• DIRECTIONS FOR THIS TASK: Skip any image you find and restate the rest of the data word for word.

• DATA EXTRACT:
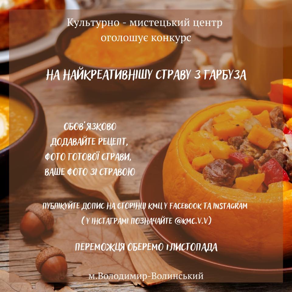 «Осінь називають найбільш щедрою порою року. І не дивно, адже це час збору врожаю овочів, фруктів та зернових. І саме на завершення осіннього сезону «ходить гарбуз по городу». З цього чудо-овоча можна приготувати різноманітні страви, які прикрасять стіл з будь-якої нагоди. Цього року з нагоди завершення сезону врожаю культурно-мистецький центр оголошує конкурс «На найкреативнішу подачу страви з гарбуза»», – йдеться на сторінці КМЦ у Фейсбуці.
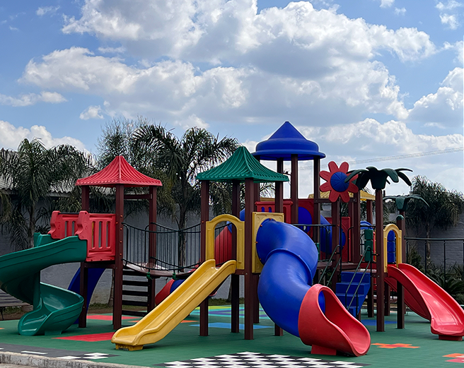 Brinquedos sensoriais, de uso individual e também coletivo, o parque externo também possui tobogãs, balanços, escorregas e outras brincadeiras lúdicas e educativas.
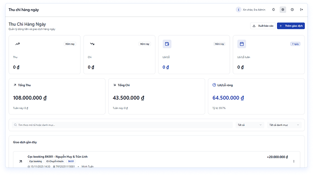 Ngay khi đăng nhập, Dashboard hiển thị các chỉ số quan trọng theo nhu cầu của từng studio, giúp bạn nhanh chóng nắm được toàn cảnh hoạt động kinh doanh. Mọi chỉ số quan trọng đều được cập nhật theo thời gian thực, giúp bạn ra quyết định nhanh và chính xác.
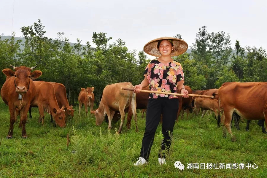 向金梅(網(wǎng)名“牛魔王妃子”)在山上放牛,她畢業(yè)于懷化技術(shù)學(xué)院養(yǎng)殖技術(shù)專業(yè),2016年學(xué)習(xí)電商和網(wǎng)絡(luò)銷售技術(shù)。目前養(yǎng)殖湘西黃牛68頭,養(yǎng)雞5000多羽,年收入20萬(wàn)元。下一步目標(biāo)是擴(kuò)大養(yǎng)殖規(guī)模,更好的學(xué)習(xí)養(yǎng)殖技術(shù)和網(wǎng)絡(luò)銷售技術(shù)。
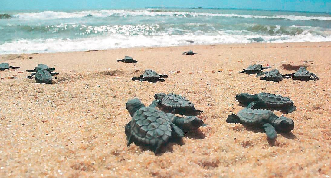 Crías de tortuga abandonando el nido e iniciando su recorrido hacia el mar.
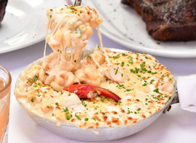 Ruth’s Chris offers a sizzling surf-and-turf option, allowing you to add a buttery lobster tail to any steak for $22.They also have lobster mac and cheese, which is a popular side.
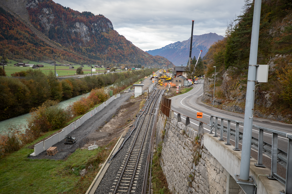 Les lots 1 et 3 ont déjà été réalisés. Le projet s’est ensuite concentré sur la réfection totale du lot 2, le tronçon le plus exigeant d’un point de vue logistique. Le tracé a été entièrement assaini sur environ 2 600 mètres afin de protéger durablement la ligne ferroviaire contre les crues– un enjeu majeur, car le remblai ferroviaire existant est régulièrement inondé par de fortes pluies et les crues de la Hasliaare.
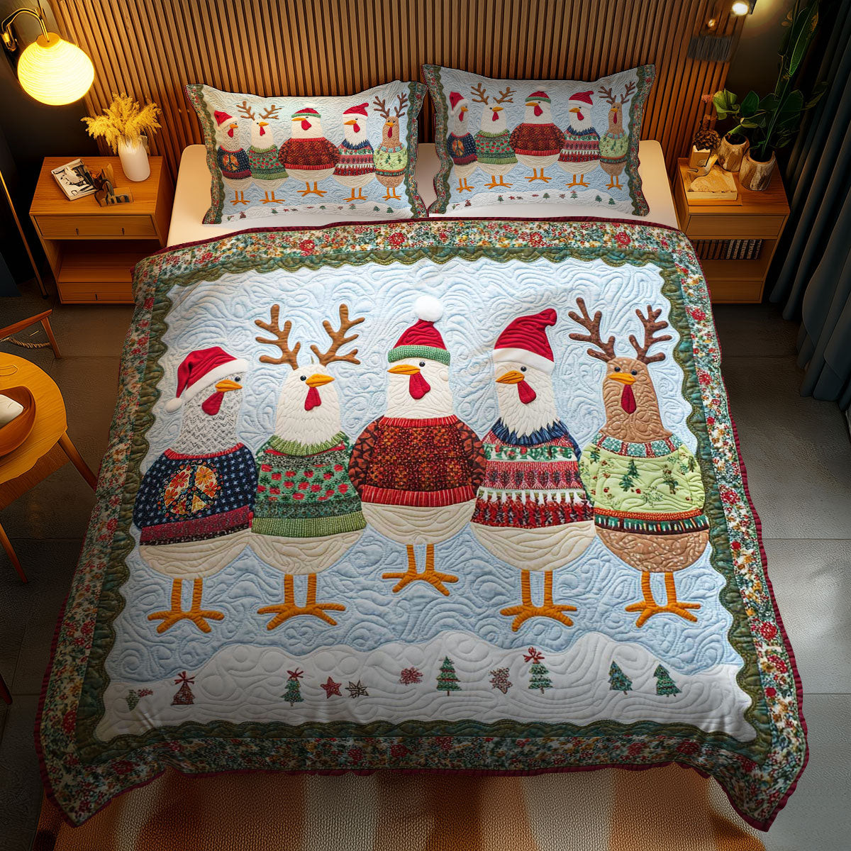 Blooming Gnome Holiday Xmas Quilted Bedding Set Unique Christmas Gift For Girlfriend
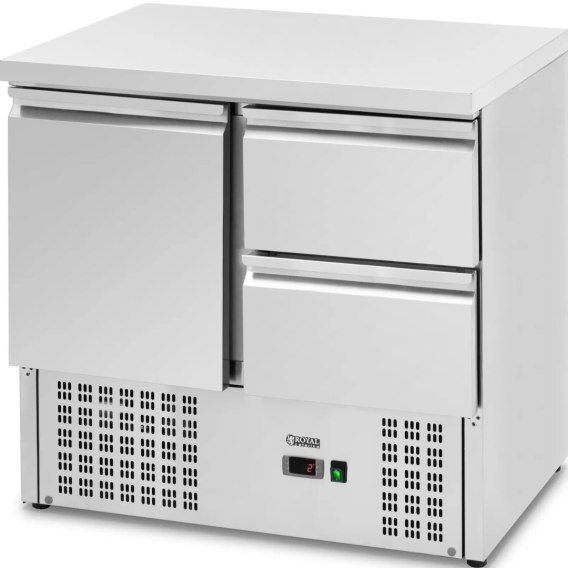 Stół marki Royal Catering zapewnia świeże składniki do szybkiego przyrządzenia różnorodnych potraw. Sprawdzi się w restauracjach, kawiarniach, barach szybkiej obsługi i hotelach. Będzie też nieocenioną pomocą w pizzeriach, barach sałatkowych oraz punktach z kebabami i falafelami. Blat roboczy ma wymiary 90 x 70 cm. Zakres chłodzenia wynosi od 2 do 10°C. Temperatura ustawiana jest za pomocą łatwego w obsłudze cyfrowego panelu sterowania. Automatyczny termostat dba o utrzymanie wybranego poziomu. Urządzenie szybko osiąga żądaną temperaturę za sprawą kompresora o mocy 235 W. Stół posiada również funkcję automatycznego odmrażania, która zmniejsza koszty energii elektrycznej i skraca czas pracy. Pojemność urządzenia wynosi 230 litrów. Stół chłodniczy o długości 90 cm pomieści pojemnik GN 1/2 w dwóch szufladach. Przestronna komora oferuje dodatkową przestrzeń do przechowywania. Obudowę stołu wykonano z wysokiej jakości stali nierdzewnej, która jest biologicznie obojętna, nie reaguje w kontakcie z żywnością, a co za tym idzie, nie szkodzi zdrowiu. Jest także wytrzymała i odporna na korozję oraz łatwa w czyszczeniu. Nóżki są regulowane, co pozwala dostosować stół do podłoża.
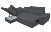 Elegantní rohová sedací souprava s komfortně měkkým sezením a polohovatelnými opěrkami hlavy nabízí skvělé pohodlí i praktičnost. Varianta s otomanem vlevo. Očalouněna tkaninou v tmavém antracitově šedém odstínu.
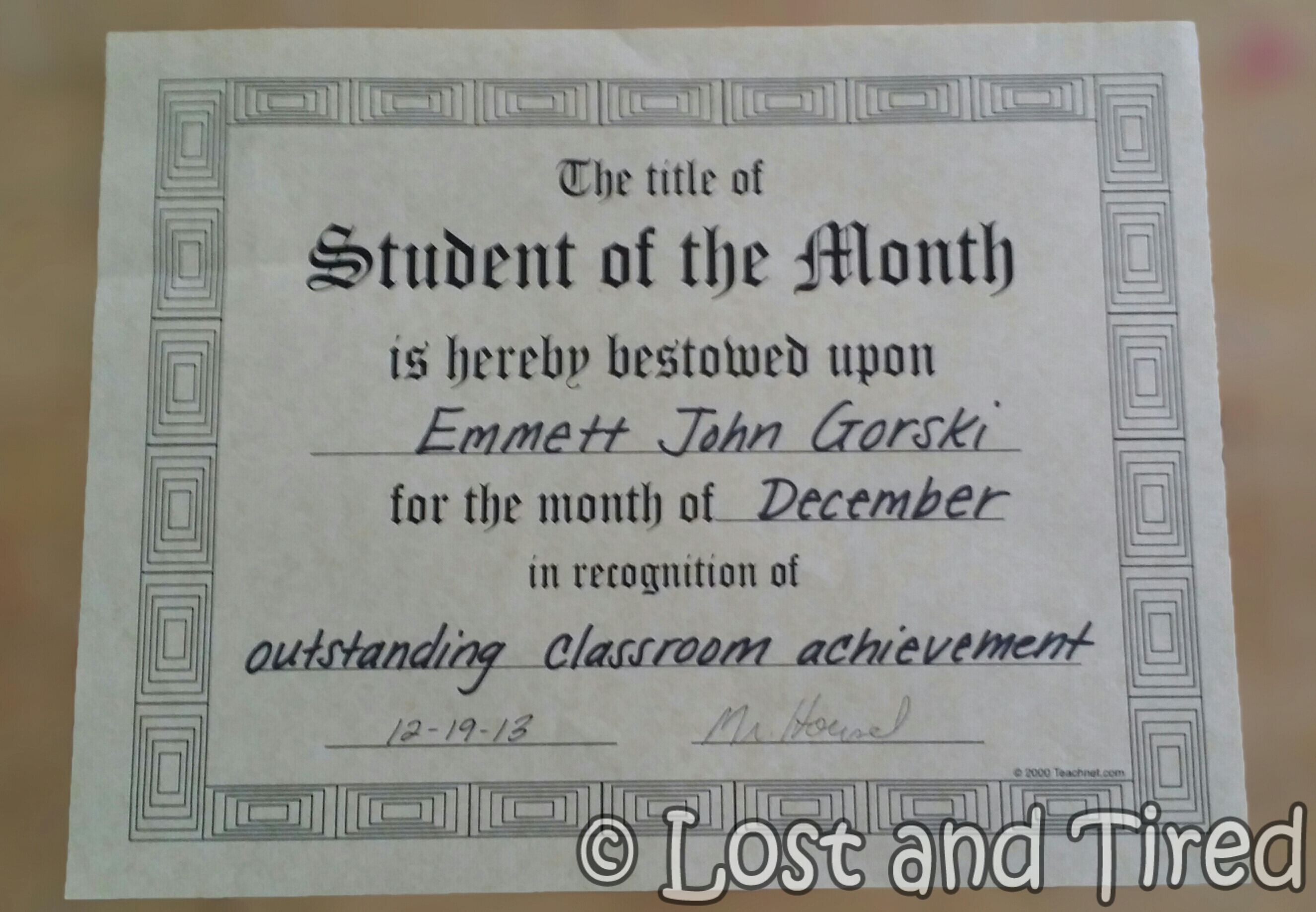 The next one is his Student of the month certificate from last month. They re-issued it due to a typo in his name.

• RESPONSE FOR THIS EXERCISE:
 «Осінь називають найбільш щедрою порою року. І не дивно, адже це час збору врожаю овочів, фруктів та зернових. І саме на завершення осіннього сезону «ходить гарбуз по городу». З цього чудо-овоча можна приготувати різноманітні страви, які прикрасять стіл з будь-якої нагоди. Цього року з нагоди завершення сезону врожаю культурно-мистецький центр оголошує конкурс «На найкреативнішу подачу страви з гарбуза»», – йдеться на сторінці КМЦ у Фейсбуці.
 Brinquedos sensoriais, de uso individual e também coletivo, o parque externo também possui tobogãs, balanços, escorregas e outras brincadeiras lúdicas e educativas.
 Ngay khi đăng nhập, Dashboard hiển thị các chỉ số quan trọng theo nhu cầu của từng studio, giúp bạn nhanh chóng nắm được toàn cảnh hoạt động kinh doanh. Mọi chỉ số quan trọng đều được cập nhật theo thời gian thực, giúp bạn ra quyết định nhanh và chính xác.
 向金梅(網(wǎng)名“牛魔王妃子”)在山上放牛,她畢業(yè)于懷化技術(shù)學(xué)院養(yǎng)殖技術(shù)專業(yè),2016年學(xué)習(xí)電商和網(wǎng)絡(luò)銷售技術(shù)。目前養(yǎng)殖湘西黃牛68頭,養(yǎng)雞5000多羽,年收入20萬(wàn)元。下一步目標(biāo)是擴(kuò)大養(yǎng)殖規(guī)模,更好的學(xué)習(xí)養(yǎng)殖技術(shù)和網(wǎng)絡(luò)銷售技術(shù)。
 Crías de tortuga abandonando el nido e iniciando su recorrido hacia el mar.
 Ruth’s Chris offers a sizzling surf-and-turf option, allowing you to add a buttery lobster tail to any steak for $22.They also have lobster mac and cheese, which is a popular side.
 Les lots 1 et 3 ont déjà été réalisés. Le projet s’est ensuite concentré sur la réfection totale du lot 2, le tronçon le plus exigeant d’un point de vue logistique. Le tracé a été entièrement assaini sur environ 2 600 mètres afin de protéger durablement la ligne ferroviaire contre les crues– un enjeu majeur, car le remblai ferroviaire existant est régulièrement inondé par de fortes pluies et les crues de la Hasliaare.
 Blooming Gnome Holiday Xmas Quilted Bedding Set Unique Christmas Gift For Girlfriend
 Stół marki Royal Catering zapewnia świeże składniki do szybkiego przyrządzenia różnorodnych potraw. Sprawdzi się w restauracjach, kawiarniach, barach szybkiej obsługi i hotelach. Będzie też nieocenioną pomocą w pizzeriach, barach sałatkowych oraz punktach z kebabami i falafelami. Blat roboczy ma wymiary 90 x 70 cm. Zakres chłodzenia wynosi od 2 do 10°C. Temperatura ustawiana jest za pomocą łatwego w obsłudze cyfrowego panelu sterowania. Automatyczny termostat dba o utrzymanie wybranego poziomu. Urządzenie szybko osiąga żądaną temperaturę za sprawą kompresora o mocy 235 W. Stół posiada również funkcję automatycznego odmrażania, która zmniejsza koszty energii elektrycznej i skraca czas pracy. Pojemność urządzenia wynosi 230 litrów. Stół chłodniczy o długości 90 cm pomieści pojemnik GN 1/2 w dwóch szufladach. Przestronna komora oferuje dodatkową przestrzeń do przechowywania. Obudowę stołu wykonano z wysokiej jakości stali nierdzewnej, która jest biologicznie obojętna, nie reaguje w kontakcie z żywnością, a co za tym idzie, nie szkodzi zdrowiu. Jest także wytrzymała i odporna na korozję oraz łatwa w czyszczeniu. Nóżki są regulowane, co pozwala dostosować stół do podłoża.
 Elegantní rohová sedací souprava s komfortně měkkým sezením a polohovatelnými opěrkami hlavy nabízí skvělé pohodlí i praktičnost. Varianta s otomanem vlevo. Očalouněna tkaninou v tmavém antracitově šedém odstínu.
 The next one is his Student of the month certificate from last month. They re-issued it due to a typo in his name.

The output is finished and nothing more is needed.